我有一个程序目前需要的时间太长,不能总计大 std :: vector std :: accumulate ,这是一个瓶颈。



要更快,我希望它是一个异步计算,所以GUI /服务器不会阻塞。计算也应该使用多线程,所以我可以减少总计向量所需的时间。



我想分割总和使得每个线程总和矢量的一部分,然后当计算所有部分和时,每个线程的部分和应该被加在一起以获得总和。



Boost。 Asio?



我想知道如何在 Boost.Asio 中解决这个问题?我的程序理想地需要重用线程(如线程组),不知道如何存储和检索partials总和,最终检索部分和的总和。



我想创建一个线程组,调用 boost :: asio :: io_service :: run ,传递一个处理程序来计算部分和,但是我不知道如何传递partials总和到另一个处理程序,并添加所有的部分和在一起。



这将是巨大的,如果有人显示一些骨架代码如何

解决方案

Boost.Asio是否适合此问题?



Boost.Asio的主要目的是为网络 I / O编程提供一个异步模型,你描述的问题似乎没有太多



我认为最简单的解决方案是使用Boost或C ++提供的线程原语标准库。



并行算法



这是一个并行版本的示例

  / *多线程算法的最小元素数。 
小于此并且算法在单线程上执行。 * /
static const int MT_MIN_SIZE = 10000;

template< typename InputIt,typename T>
auto parallel_accumulate(InputIt first,InputIt last,T init){
//确定总大小。
const auto size = std :: distance(first,last);
//确定工作分成多少部分。
const auto parts =(size< MT_MIN_SIZE)? 1:std :: thread :: hardware_concurrency();

std :: vector< std :: future< T>>期货;

//对于每个部分,计算大小并在单独的线程上累加运行。
for(std :: size_t i = 0; i!= parts; ++ i){
const auto part_size =(size * i + size)/ parts -
futures.emplace_back(std :: async(std :: launch :: async,
[=] {return std :: accumulate(first,std :: next(first,part_size),T { );}));
std :: advance(first,part_size);
}

//等待所有线程完成执行并累积结果。
return std :: accumulate(std :: begin(futures),std :: end(futures),init,
[](const T prev,auto& future){return prev + future.get ();});
}

活动示例 (并行版本与Coliru上的顺序执行大致相同,可用)



计时



在我的机器上(使用8个线程)


顺序和:

所需时间:46 ms

5000000050000000

--------------------------------

并行和:

所需时间:21 ms

5000000050000000


然而,100,000,000个元件的绝对增益仅为边际(25 ms)。虽然,当累积不同于 int 的元素类型时,性能增益可能更大。



OpenMP



如@sehe在注释中所提到的,值得一提的是, OpenMP 可能会提供一个简单的解决方案,例如

  template< typename T,typename U> 
auto omp_accumulate(const std :: vector< T>& v,U init){
U sum = init;

#pragma omp parallel for reduction(+:sum)
for(std :: size_t i = 0; i< v.size(); i ++){
sum + = v [i];
}

return sum;
}



在我的机器上,这个方法与使用标准线程原语的并行方法


顺序和:

所需时间:46 ms

5000000050000000

--------------------------------

并行和:

所用时间:21 ms

总和:5000000050000000

-------------------------- ------

OpenMP sum:

所用时间:21 ms

Sum:5000000050000000



Problem background

I have a program that currently takes way too long to sum up large std::vectors of ~100 million elements using std::accumulate, and this is a bottleneck.

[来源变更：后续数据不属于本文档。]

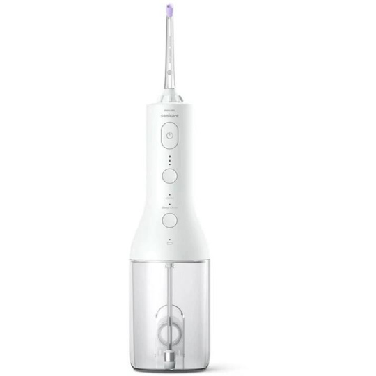 Povyšte péči o vaši ústní dutinu na zcela novou úroveň! Přenosná ústní sprcha Philips Sonicare Power Flosser v minimalistickém provedení a bílé barvě vaši ústní dutinu důkladně vyčistí během jediné minuty. Přístroj využívá standardní trysku se šetrným proudem vody pro perfektně přesné čištění a unikátní trysku Quad Stream, která vypouští proud vody ve tvaru písmena X a umožňuje dokonalé pokrytí mnohem větší oblasti. Snadno tak odstraníte až 99,9 % zubního plaku a nečistot z těžko přístupných mezizubních prostor, bočních plošek zubů a podél linie dásní.* Klinické studie prokázaly, že tento unikátní systém vyčistí až 8× více čištěného povrchu než podobné přístroje s jednoproudou technologií. Přístroj má nádržku o objemu 250 ml a můžete jej používat s čistou vodou nebo směsí vody a antimikrobiální ústní vody. Pro ty nejlepší výsledky doporučujeme ústní sprchu používat 1× denně. Součástí balení je praktický obal, ve kterém můžete přístroj hygienicky uskladnit nebo si jej přibalit s sebou na cesty.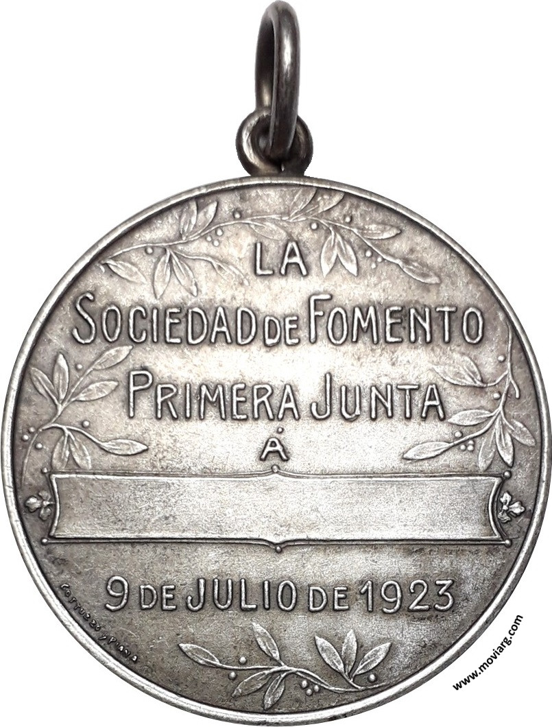 Colección MDS Anverso: 1810 / PRIMERA JUNTA / 1910Reverso: LA / SOCIEDAD DE FOMENTO / PRIMERA JUNTA / Á / 9 DE JULIO DE 1923. Firma: GOTTUZZO Y PIANA Referencia: | |

I want it to be faster and I want it to be an asynchronous calculation so the GUI/Server doesn't block. The calculation should also be using multithreading so I can reduce the time it takes to sum up a vector.

I want to split up the summation so that each thread sums a part of the vector and then when all partial sums are calculated, each thread's partial sum should be added together to get the total summation.

Boost.Asio?

I was wondering how I could go about this in Boost.Asio? My program ideally needs to reuse the threads (like a thread group), not sure how store and retrieve the partials sums and finally retrieve the sum of the partial sums.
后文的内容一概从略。